Country of origin Israel
Entered service 1954
Caliber 9x19 mm
Weight (unloaded) 3.5 kg
Length (stock extended) 650 mm
Length (stock folded) 470 mm
Barrel length 260 mm
Muzzle velocity 400 m/s
Cyclic rate of fire 600 rpm
Practical rate of fire 40 - 120 rpm
Magazine capacity 25, 32, 40, 50 rounds
Sighting range 200 m
Range of effective fire 100 m


   The Uzi submachine gun was designed by Uziel Gal, an Israel's army lieutenant, in 1949. This weapon is named in honor to its designer. It was officially adopted in 1951 and was first introduced to Israel's army special forces in 1954. Two years later it became the standard issue submachine gun. It has been manufactured by the Israel Military Industries (IMI). This weapon was phased out of frontline service with the Israel Defense Force (IDF) in the 1980s and is used only by reserve units. However this submachine gun was so successful, that it had been adopted by more than 90 countries worldwide either for military use or law enforcement forces. It was license-produced in Belgium by FN Herstal (FN Uzi) and Rhodesia (now Zimbabwe). Unlicensed copied have been produced in China (Model 320) and Croatia (ERO). There are numerous clones of this submachine gun.

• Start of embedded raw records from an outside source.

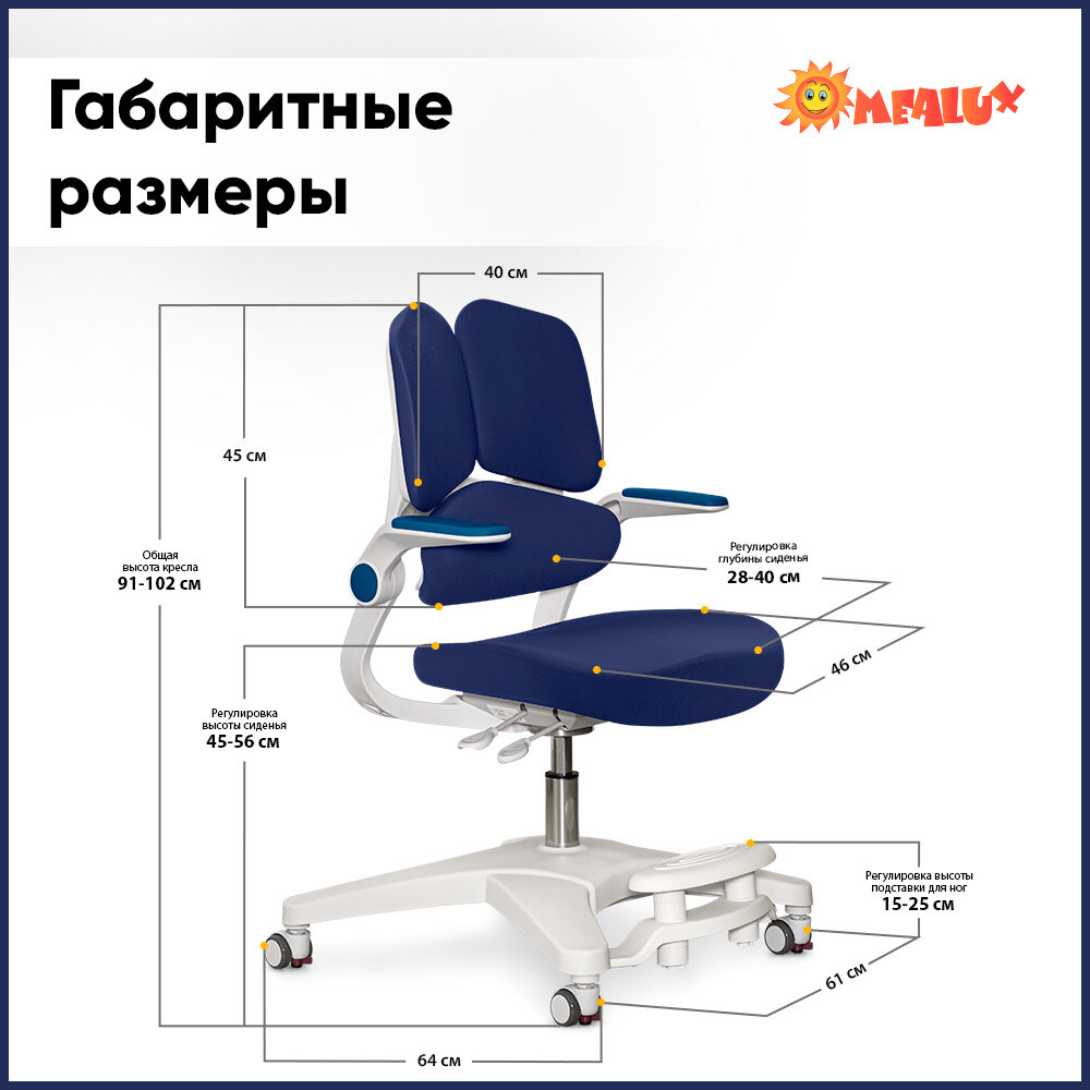 Растущее детское кресло для школьника ErgoKids Trinity Dark Blue (арт.Y-617 DB) для обычных и растущих парт с подлокотниками, подставкой для ног и чехлом информация:
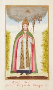 Gouache XVIIIe sur peau de vélin représentant « Saint-Ursin premier Evêque de Bourges ». …
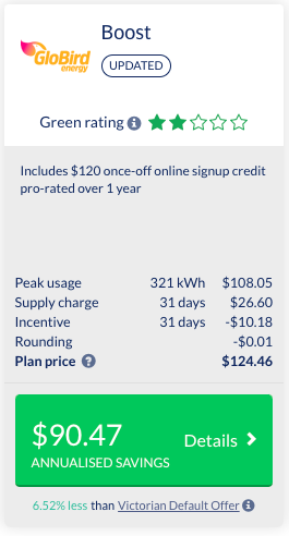 Be aware that retailers can make GreenPower available for some, or all of your kWh consumption. All of thee participating retailer offer a 100% option, but only some of them offer lesser proportions. If you choose a lower proportion — eg 20% GreenPower — then Bill Hero will display only the plans from those retailers that support a 20% GreenPower option.
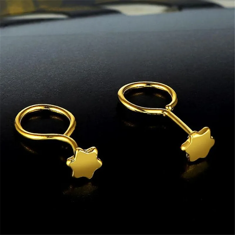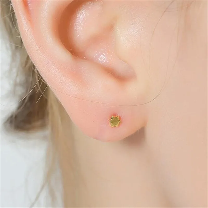 Simple 100% 18K Pure Gold Star of David Hexagram Stud Earrings For Women Girls Fashion Women Jewelry Christmas Gifts Wholesale

   The Uzi is an open bolt, blowback operated submachine gun, chambered for a standard 9x19 mm Parabellum round. Design of the Uzi has been influenced by the British MCEM-2 experimental submachine gun, or Czechoslovak Sa vz.23 submachine gun. Both of these weapons had their magazines housed in their pistol grips.

   The Uzi SMG is simple in design and technology. It is made primarily from stamped sheet metal. Also it has relatively few mowing parts. This submachine gun can be easily field stripped for maintenance and repairs. Weapon was selected by Israel's army due to its simplicity and ease of production.

   This submachine gun is fitted with manual safety switch, which is also a fire mode selector. There is additional automatic grip safety button. This submachine gun has a semi-auto and full-auto modes.

   A charging handle is located on top of the receiver. The weapon can be charged by using either hand. The charging handle does not reciprocates when the weapon is fired. It has a cutout in the middle in order not to obstruct the sights.

   Magazine is housed in the pistol grip. This feature made the weapon shorter, better balanced and reloading become more intuitive. If required, the Uzi can be held and shot by using just one hand. Weapon is fed from 25-, 32-, 40-, or 50-round box-shaped magazines.

   Early production models of this submachine gun have a detachable wooden stock. Later models were fitted with a collapsible metal stock.

   In general it is a reliable weapon, however it can still jam if not cleaned regularly. Downside of the Uzi is its limited range and accuracy, especially in full-auto mode. Also it has some design flaws. These were the main reasons why this submachine gun was phased out of the IDF service.




   Uzi carbine, fitted with a longer barrel. It has been aimed mainly at civil customers.

   Mini Uzi, a compact model developed in 1982. It is fitted with a shorter barrel and a side-folded frame stock. This submachine gun is also compatible with smaller 20 round capacity magazines. Its range of effective fire is about 100 meters.

   Micro Uzi, even more compact model, developed in 1983. It has a side-folded frame stock, similar to that of the Mini Uzi. It uses smaller 20 round magazines as standard. Range of effective fire is about 30 meters.

   Uzi pistol. Basically it is a scaled-down Micro Uzi without shoulder stock. It fires in semi-automatic mode only and has been aimed mainly at civilian market.

   Uzi PRO a recent and redesigned version, intended primarily for Israel's special operations forces. This submachine gun was introduced in 2003. It evolved from the Micro Uzi, after the IMI engineers have gathered complaints, impressions and reports from the Micro Uzi users. This weapon has a reduced weight, as it uses polymers and lightweight titanium alloys. This submachine gun is fed from the Glock 17-round and 33-round magazines.